6. The method of any one of claims 1-5, further comprising:

displaying a first field in a user interface;

displaying in the user interface a first option for manually populating the first field of the data record and a second option for automatically populating the first field based on the data representation;

receiving a selection of the first option or the second option from the interface;

based on the selection, populating the first field with data received via a second field of the interface or with the data representation.

7. The method of claim 6, wherein the language extraction model indicates probabilities of data elements representing a plurality of data categories; and is

Wherein the method further comprises:

determining a confidence level of filling the first field based on the data representation based on a probability indicated in the language extraction model; and

displaying the confidence level in proximity to the second option.

8. The method of any one of claims 1-7, further comprising:

identifying a human excerpt responsible for excerpting patient data of a set of patients into a data record of the set of patients;

determining an incomplete subset of snippets of the set of patients;

determining a first percentage representing a ratio between the subset of the set of patients and the set of patients; and

displaying the first percentage of the snippet and identifying information for the snippet in a second interface as part of a progress report for the snippet.

9. The method of claim 8, further comprising:

determining a second percentage of completion of excerpts of the data records for each of the subsets of the set of patients; and

displaying information related to the second percentage in the second interface as part of the progress report.

10. The method of claim 9, further comprising:

determining a time to predicted completion of manual population of remaining unfilled fields of the data record for each of the subsets of the set of patients; and

displaying the predicted time to completion as part of the progress report.

11. The method of any one of claims 1-10, wherein the fields of the data record of the patient include tumor information and a care history;

wherein the medical application comprises a quality of care assessment tool; and is

Wherein the populated data records enable the care quality assessment tool to determine a quality of care given to the patient based on (1) the care history and the oncology information included in the populated data records and (2) a care quality metric definition.

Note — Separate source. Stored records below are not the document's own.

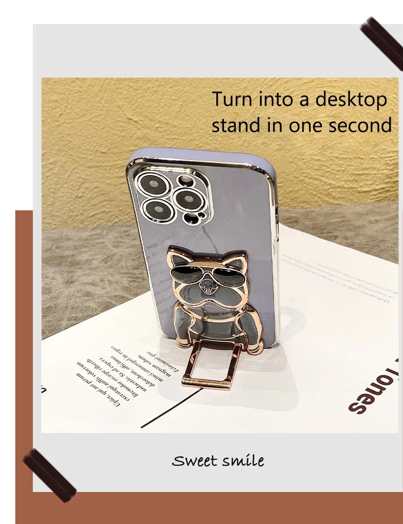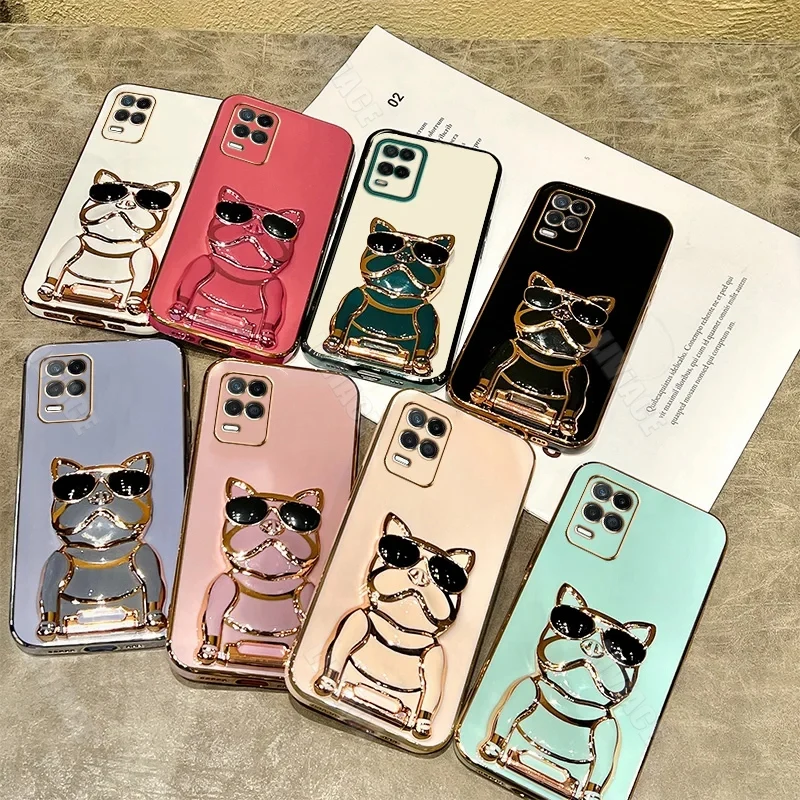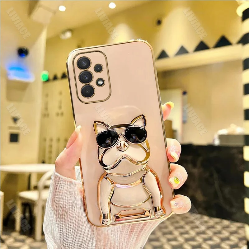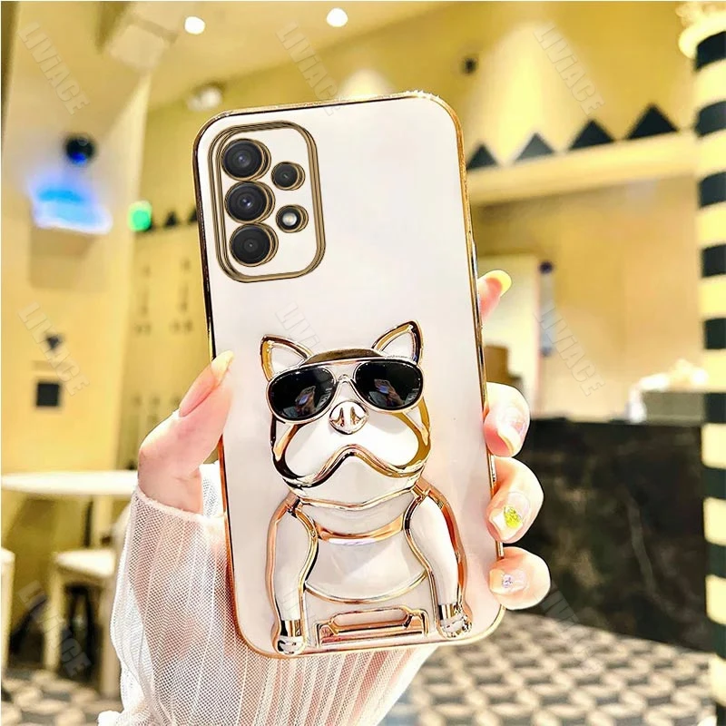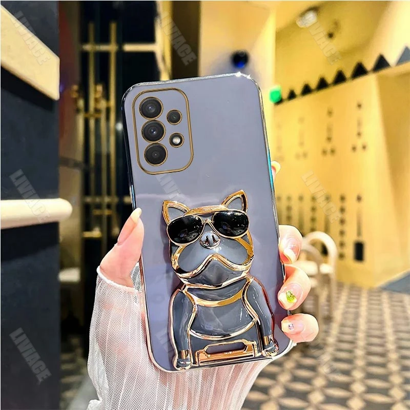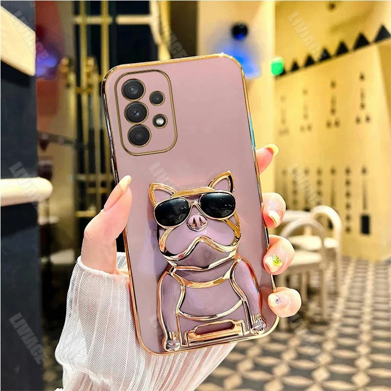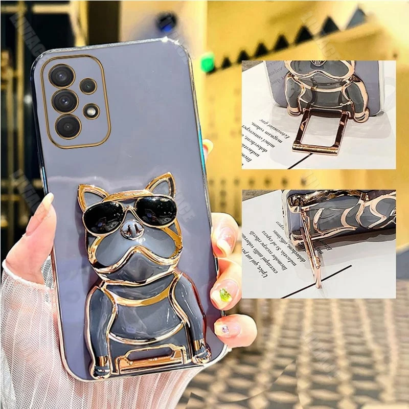 Gafas de sol Bulldog chapado soporte caso para Samsung Galaxy A53 A73 A33 A52 A52s A72 A32 4G 5G A51 A71 A12 A50 A70 A50S A31 cubierta
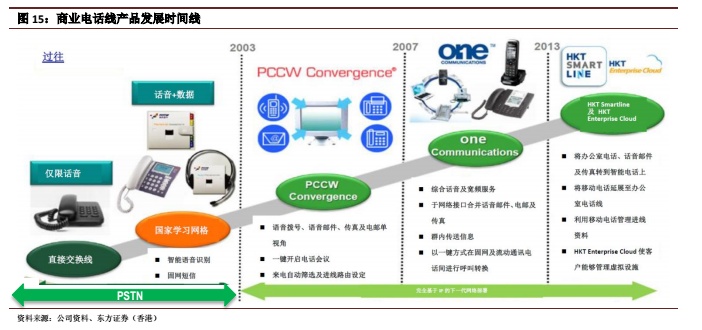 在商业固网业务板块,香港电讯不断拓展推出各类不同产品。2003年, 公司首次推出PCCW Convergence。公司最新产品包括HKT Smartline及HKT Enterprise Cloud,其所推出的时间为2013年。
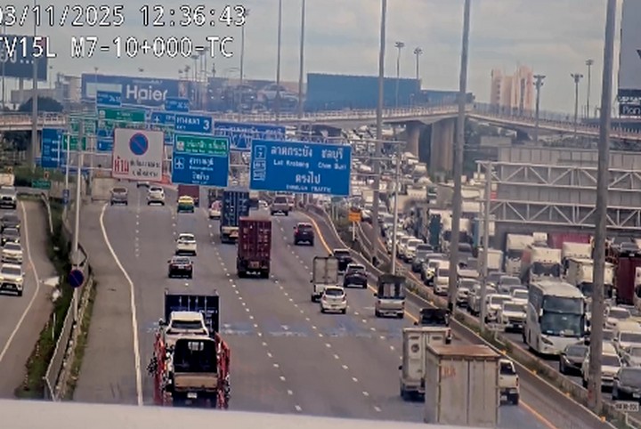 12.35 น. มอเตอร์เวย์ (ทล.7) มุ่งหน้ากรุงเทพ กม.9+200 มีงานซ่อมบำรุง รถติด ท้ายแถวสะสม กม.12
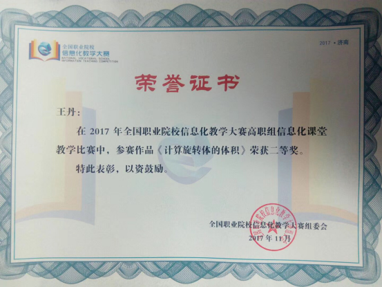 我院3個教師團隊在斬獲省賽佳績(jì)的基礎上,再接再厲,打磨作品,備戰本次大賽。備賽過程中,參賽團隊得到了學校各部門(mén)的大力支持。經過激烈角逐,經貿管理學院卜凡、彭蘇(sū)秦、宗瑋老師的《物料清單構建》作品榮獲高(gāo)等職業教育組信息化課堂教學二等(děng)獎;基礎部王丹老師的《計算(suàn)旋轉體的體積》作品榮獲高等職業教育組信息化課堂教學二等獎。在本次大(dà)賽閉幕(mù)式中,卜(bo)凡老師進行了獲(huò)獎作品展示,教育部職業教育與(yǔ)成人教育司王繼平司長(zhǎng)在(zài)隨(suí)後的閉幕(mù)式講話中對該作品給予了高度的肯定與評價。
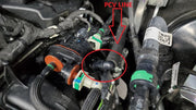 During the process of venting crankcase pressure back through your intake track, large amounts of oil, in the form of vapors can gather/accumulate in your intake tube, intake manifold runners and even dilute your gas, lowering its octane level. This happens on all engines and is even worse with forced inducted vehicles (supercharged and turbocharged) as crankcase pressures are increased. To combat this, we have developed an oil separator of our own design. Milled from solid billet aluminum this is a rock-solid piece. It has a knurled tank base for easy removal to drain the spent oil and an O-ring seal to prevent any leaks. Filtering consists of a fine mesh stainless steel screen that traps fine oil vapors and releases them once heavy enough to fall. They then pass through a 1/2" thick 1/16th" aluminum honeycomb filter where they grow every larger and then fall into the bottom. By the time the oil gets through the filter it's too heavy to be passed on into the intake. The tank holds 3 oz of fluid, while that may not sound like a lot, you shouldn’t see that much oil in your PCV system. Drain it every 2000-3000 miles and you will never come close to filling it.

12. The method of any one of claims 1-11, wherein the data elements of the data record of the patient include patient descriptive information and tumor descriptive information;

wherein the medical application comprises a medical research tool; and is

Wherein the populated data record enables the medical research tool to determine a correlation between descriptive information of the patient and descriptive information of the tumor included in the populated data record.

13. The method of any one of claims 1-12, wherein the populated data records enable reporting to regional and/or national data records of a patient.

14. The method of any one of claims 1-13, wherein the patient data is received from one or more sources, the one or more sources including at least one of: EMR (electronic medical records) systems, PACS (picture archiving and communication systems), Digital Pathology (DP) systems, LIS (laboratory information system), RIS (radiology information system), patient reports, wearable devices, or social media websites.

15. A computer product comprising a computer readable medium storing a plurality of instructions for controlling a computer system to perform the operations of any of the above methods.

16. A system, comprising:

the computer product of claim 14; and

one or more processors to execute instructions stored on the computer-readable medium.

17. A system comprising means for performing any of the above methods.

18. A system configured to perform any of the above methods.

19. A system comprising modules to perform the steps of any of the above methods, respectively.